### INFORMATION GIVEN
BEGIN
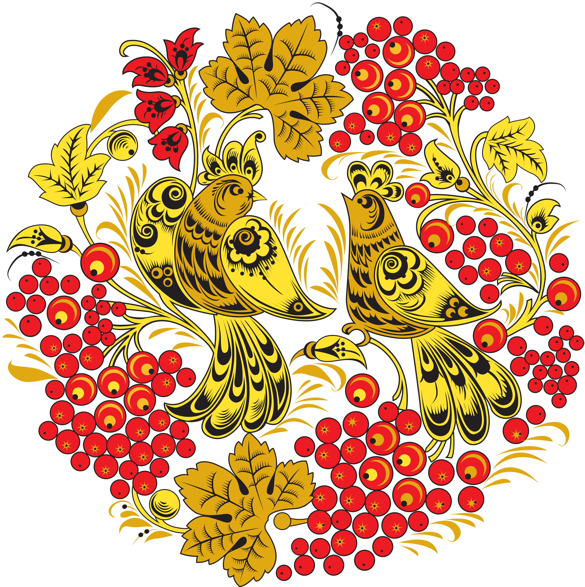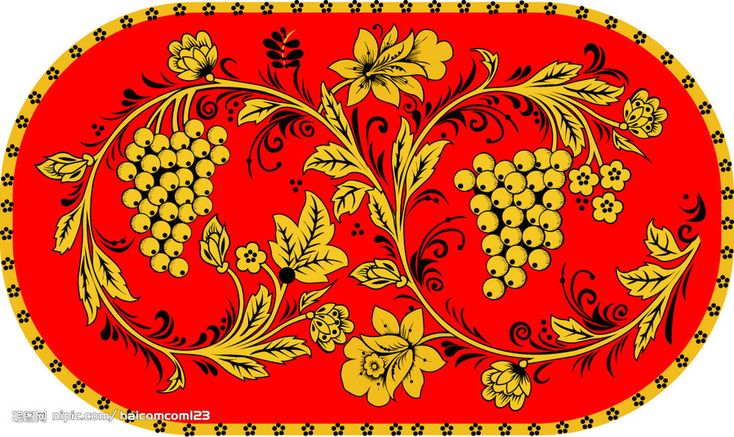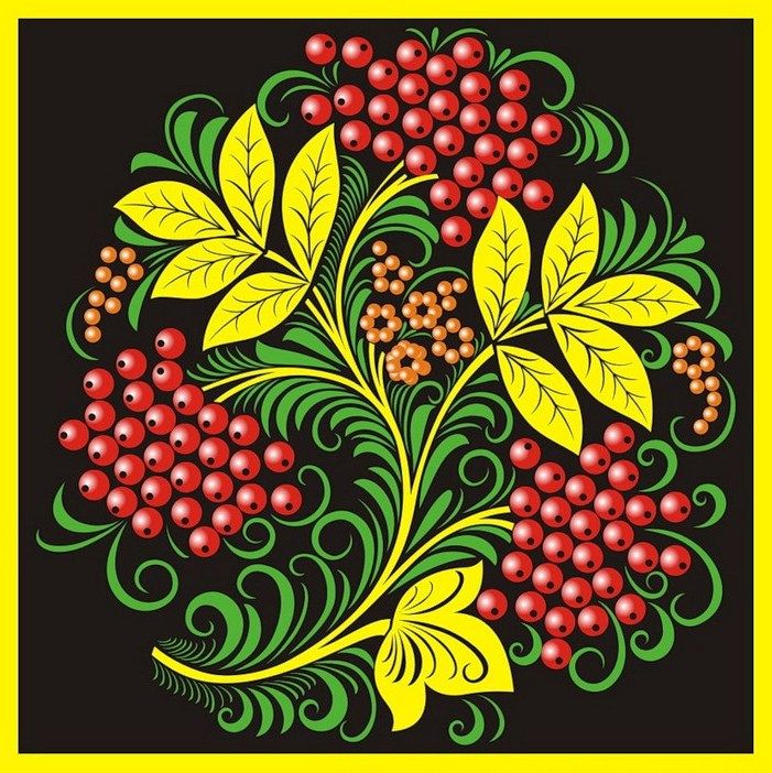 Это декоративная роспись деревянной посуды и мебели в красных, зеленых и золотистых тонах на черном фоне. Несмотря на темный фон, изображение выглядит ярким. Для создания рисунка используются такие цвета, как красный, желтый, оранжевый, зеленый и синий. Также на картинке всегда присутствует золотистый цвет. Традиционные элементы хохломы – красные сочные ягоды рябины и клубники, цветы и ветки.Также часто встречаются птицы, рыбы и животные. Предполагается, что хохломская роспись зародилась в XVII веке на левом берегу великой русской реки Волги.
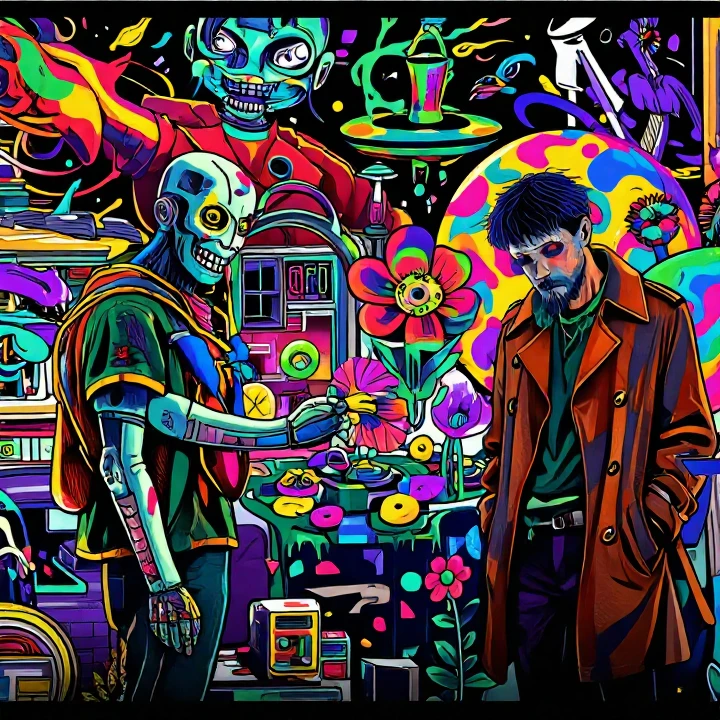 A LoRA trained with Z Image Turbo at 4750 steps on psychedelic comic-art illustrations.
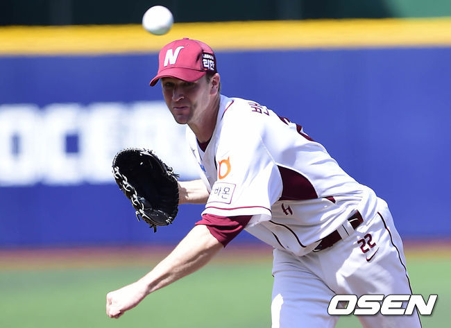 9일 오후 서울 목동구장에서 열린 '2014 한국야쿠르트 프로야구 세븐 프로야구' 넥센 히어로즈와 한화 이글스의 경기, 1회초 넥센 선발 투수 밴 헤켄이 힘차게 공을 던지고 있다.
END
BEGIN
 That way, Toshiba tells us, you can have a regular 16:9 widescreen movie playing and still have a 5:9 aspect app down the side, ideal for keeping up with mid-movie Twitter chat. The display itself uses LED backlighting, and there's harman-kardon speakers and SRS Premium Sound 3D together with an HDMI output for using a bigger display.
END
BEGIN
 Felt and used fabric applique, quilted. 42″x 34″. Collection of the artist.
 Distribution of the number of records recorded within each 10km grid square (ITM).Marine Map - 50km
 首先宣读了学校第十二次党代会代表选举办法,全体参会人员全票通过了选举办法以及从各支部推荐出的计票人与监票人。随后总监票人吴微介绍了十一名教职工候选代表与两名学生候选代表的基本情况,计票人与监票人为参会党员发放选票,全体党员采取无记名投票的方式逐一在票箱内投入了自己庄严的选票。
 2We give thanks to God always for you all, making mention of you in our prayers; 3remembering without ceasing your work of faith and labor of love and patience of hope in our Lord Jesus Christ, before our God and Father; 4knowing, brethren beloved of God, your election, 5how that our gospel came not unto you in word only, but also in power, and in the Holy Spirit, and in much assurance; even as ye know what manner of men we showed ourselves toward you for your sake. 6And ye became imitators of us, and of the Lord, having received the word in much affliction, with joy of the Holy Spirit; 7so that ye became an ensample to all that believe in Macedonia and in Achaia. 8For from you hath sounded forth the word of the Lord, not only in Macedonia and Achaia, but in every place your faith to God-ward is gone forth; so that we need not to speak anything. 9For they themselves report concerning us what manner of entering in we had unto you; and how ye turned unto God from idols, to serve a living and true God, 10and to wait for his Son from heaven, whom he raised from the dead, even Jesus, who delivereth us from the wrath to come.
END
### WORK INSTRUCTION
When you reach the line holding "Distribution of the" in the records above, begin reproducing exactly, stop after the line holding "2We give thanks", and output nothing else.

### RESULT FOR THIS EXERCISE
 Distribution of the number of records recorded within each 10km grid square (ITM).Marine Map - 50km
 首先宣读了学校第十二次党代会代表选举办法,全体参会人员全票通过了选举办法以及从各支部推荐出的计票人与监票人。随后总监票人吴微介绍了十一名教职工候选代表与两名学生候选代表的基本情况,计票人与监票人为参会党员发放选票,全体党员采取无记名投票的方式逐一在票箱内投入了自己庄严的选票。
 2We give thanks to God always for you all, making mention of you in our prayers; 3remembering without ceasing your work of faith and labor of love and patience of hope in our Lord Jesus Christ, before our God and Father; 4knowing, brethren beloved of God, your election, 5how that our gospel came not unto you in word only, but also in power, and in the Holy Spirit, and in much assurance; even as ye know what manner of men we showed ourselves toward you for your sake. 6And ye became imitators of us, and of the Lord, having received the word in much affliction, with joy of the Holy Spirit; 7so that ye became an ensample to all that believe in Macedonia and in Achaia. 8For from you hath sounded forth the word of the Lord, not only in Macedonia and Achaia, but in every place your faith to God-ward is gone forth; so that we need not to speak anything. 9For they themselves report concerning us what manner of entering in we had unto you; and how ye turned unto God from idols, to serve a living and true God, 10and to wait for his Son from heaven, whom he raised from the dead, even Jesus, who delivereth us from the wrath to come.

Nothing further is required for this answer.